The main results from this project are important because they prove a traffic pattern during a street closure event. A measurable difference was observed when comparing streets with Open Streets segments and parallel streets without active Open Streets hours. Even if the difference is small, it may still reflect local experiences during a street closure event. The data was collected through biking; therefore, the results reflect what a biker’s experience is like in the study area and the subsequent black carbon exposure a biker may have had.

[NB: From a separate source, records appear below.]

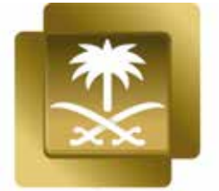
إذاعة القرآن الكريم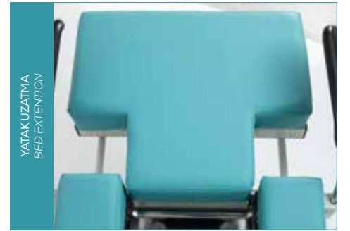
YATAK UZATMA BED EXTENTION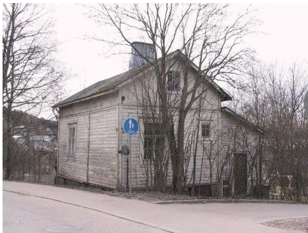
Kyy 101 : 550 Saunasaarencatu 10 luoteesta Anu Eerikäinen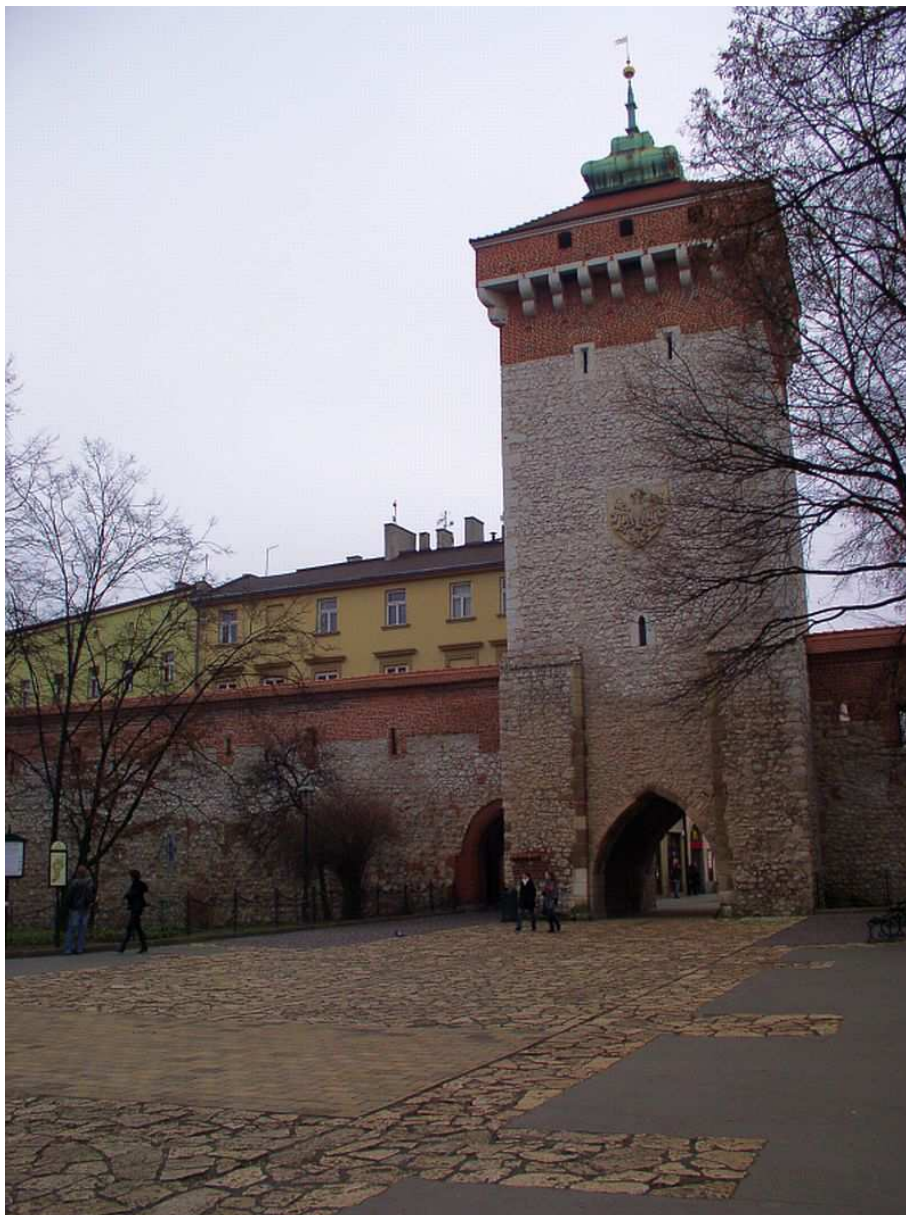
Fot. nr 19. Brama Floriańska, której powstanie datuje się na sam początek XIV-go wieku. 04.12.09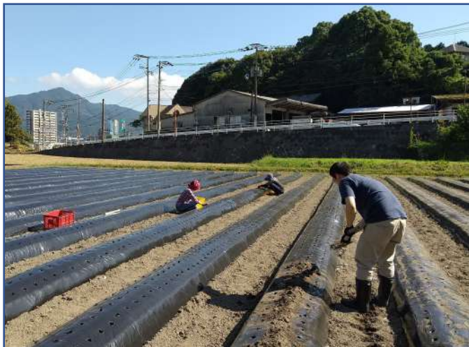
農友さんも応援に来てくれて皆で植付け！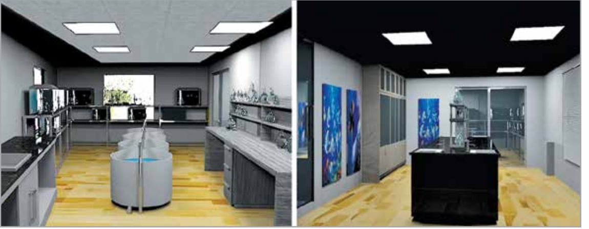
মেরিন ফিশারিজ ল্যাব

প্রকৌশল শাখার সার্বিক তত্ত্বাবধানে বিশ্ববিদ্যালয়ের আর্থ অ্যান্ড ওশান সায়েন্স অনুষদের অধীনে মেরিন ফিশারিজ ও অ্যাকুয়াকালচার বিভাগের শিক্ষার্থীদের ব্যবহারিক শিক্ষা প্রদানের উদ্দেশ্যে বিশ্ববিদ্যালয়ের অস্থায়ী ক্যাম্পাসের পদ্মা ভবনের ছাদে মেরিন ফিশারিজ ল্যাব স্থাপন করা হয়।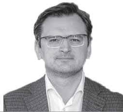
Дмитро Кулеба глава МЗС України

«23 серпня засновниками «Кримської платформи» стануть 44 держави та міжнародні організації. Це 14 глав держав, урядів та ЄС. На рівні президентів будуть представлені Латвія, Литва, Естонія, Польща, Словаччина, Угорщина, Молдова, Словенія, Фінляндія, а також президент Євросоюзу. Отже, разом з Україною — 45 учасників».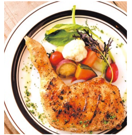
骨付き丹波地鶏と季節野菜のロースト 2,000円 ※15時以降の提供

「シティライフを見た」で骨付き丹波地鶏と季節野菜のローストをオーダーの方、 本日のスープ、自家製フォカッチャをサービス (8月末まで)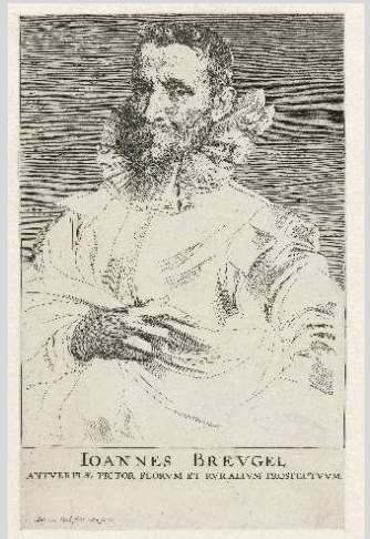
Anthony van Dyck, Jan Brueghel, Kopergravure

Jan Brueghel (1568 – 1625) was de zoon van Pieter Bruegel de Oude en de broer van Pieter Brueghel de Jonge. Zijn vader stierf een jaar na zijn geboorte.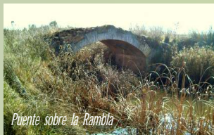
Puente sobre la Rambla

Seguimos hacia adelante por el Camino Real de Calzada, y al llegar al quinto camino a la izquierda, giramos hacia el Sur por el camino de Doña Elvira, para pasar entre dos lomas (el Cerro Cabeza Parda y la Cuerda del Lantiscar).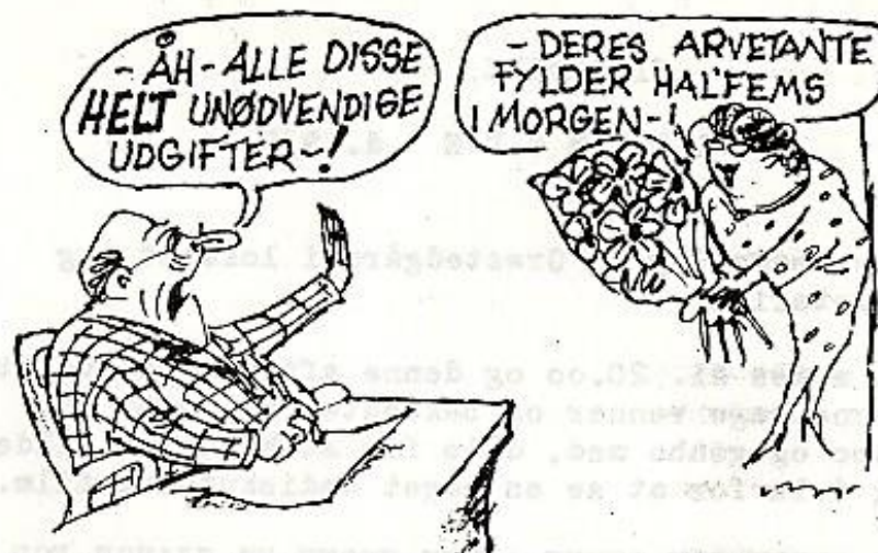
Budgetterne bør lægges med størst mulig hensyn til udbyttet.

Hver familie skulle jo møde med ca. 5 minutters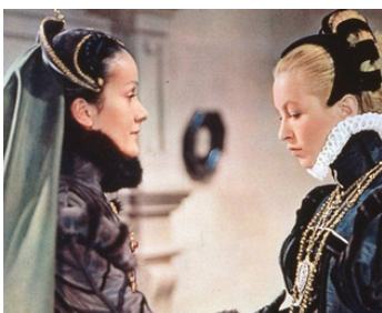
1960 LA PRINCESSE DE CLÈVES de Jean Delannoy avec Marina Vlady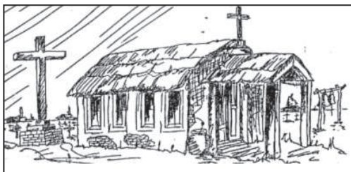
Figura 4. Representación de cómo pudo haber sido la capilla de la Reducción (Tomado de Otamendi 1965:33).

e identidad. Desde el Proyecto Arqueológico Quilmes desarrollamos un programa de extensión con varios espacios alternativos de interacción con la comunidad, a saber: talleres itinerantes, charlas en escuelas, capacitación a docentes de nivel inicial y primario, integración de la comunidad en algunas actividades arqueológicas. El objetivo de este programa es transponer el conocimiento de la investigación de manera directa, in situ , a la comunidad quilmeña, cumpliendo con los propósitos que contienen los diseños curriculares vigentes.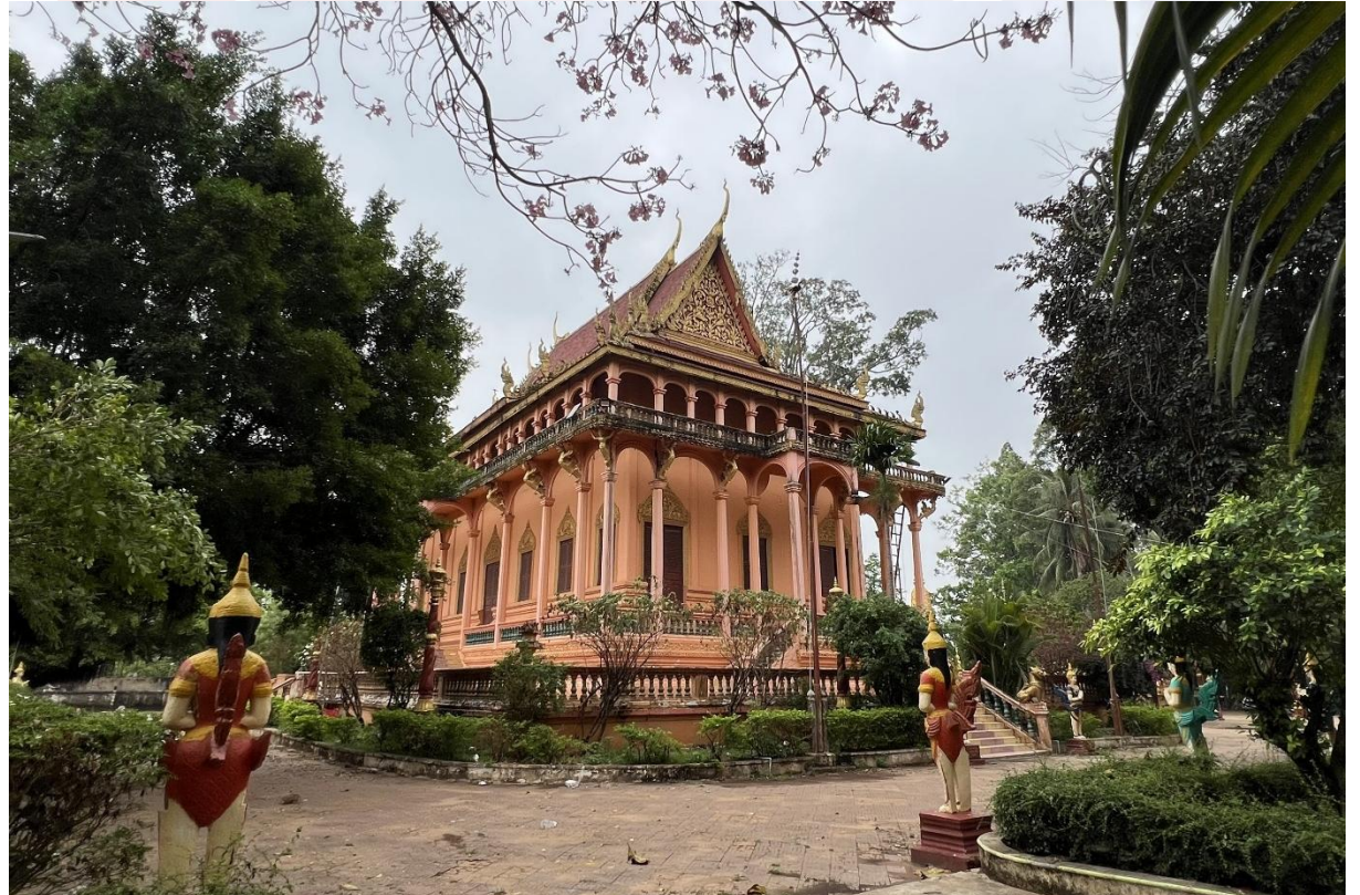
រូបលេខ១ ព្រះវិហារវត្តពោធិហាន់ជ័យលើមើលពីជ្រុងម្ខាង

វត្តពោធិហាន់ជ័យលើមិនត្រឹមតែជាទីសក្ការបូជាសម្រាប់ពុទ្ធសាសនិកប៉ុណ្ណោះទេ តែទីអារាមនេះគឺជាតីកតាងសិល្បៈស្ថាបត្យកម្មដ៏ល្អមួយ ស្ថិតនៅតាមបណ្តោយផ្លូវជាតិលេខ៧៣ ក្នុងឃុំហាន់ជ័យលើ ស្រុកឆ្នុង ខេត្តក្រចេះ។ វត្តនេះស្ថិតក្នុងភូមិសាស្ត្រយ៉ាងប្រពៃនៅប្របតាមដងទន្លេមេគង្គ ដូចបណ្តាវត្តបុរាណផ្សេងៗទៀតដែរ។ បើយោងតាមលទ្ធផលនៃការសិក្សារបស់អ្នកស្រាវជ្រាវ ព្រះវិហារវត្តពោធិហាន់ជ័យលើបានសាងឡើងនៅភាគខាងចុងសម័យអាណាព្យាបាលបារាំង។ អ្វីជាការកត់សម្គាល់នោះទោះបីជាពេលវេលាបានកន្លងផុតទៅរាប់សិបឆ្នាំ ឆ្លងកាត់សង្គ្រាម និងការផ្លាស់ប្តូររបបនយោបាយជាច្រើនដំណាក់កាល ក៏សំណង់ព្រះវិហារនេះនៅតែរក្សាបានរចនាសម្ព័ន្ធដើមយ៉ាងរឹងមាំ។ ភាពរឹងមាំនៃសំណង់ព្រះពុទ្ធសាសនានេះ សបញ្ជាក់ឱ្យឃើញពីបច្ចេកទេសសាងសង់ដោយផ្ចិតផ្ចង់ និងការជ្រើសរើសគ្រឿងបន្តិចសំណង់ប្រកបដោយគុណភាពខ្ពស់របស់បុព្វបុរសជំនាន់មុន បន្ទាល់សម្រាប់ការគោរពបូជាដល់សព្វថ្ងៃ (រូបលេខ១)។

The observed traffic pattern changes and their overall effect on black carbon concentration suggest that current traffic policies related to air quality should also be expanded to include more events like the Open Streets program. Further works should assess the interaction between traffic patterns and built environment, as well as their effect on black carbon. Though the air quality improvement due to the Open Streets program was not found in this study, it is important to keep recognizing the program’s value in other aspects, such as providing open spaces and economic opportunities. While improving air quality was not what this program was designed for, its influence on traffic, traffic related emissions, emission exposures and its subsequent effect on non-traffic related emission should not be overlooked.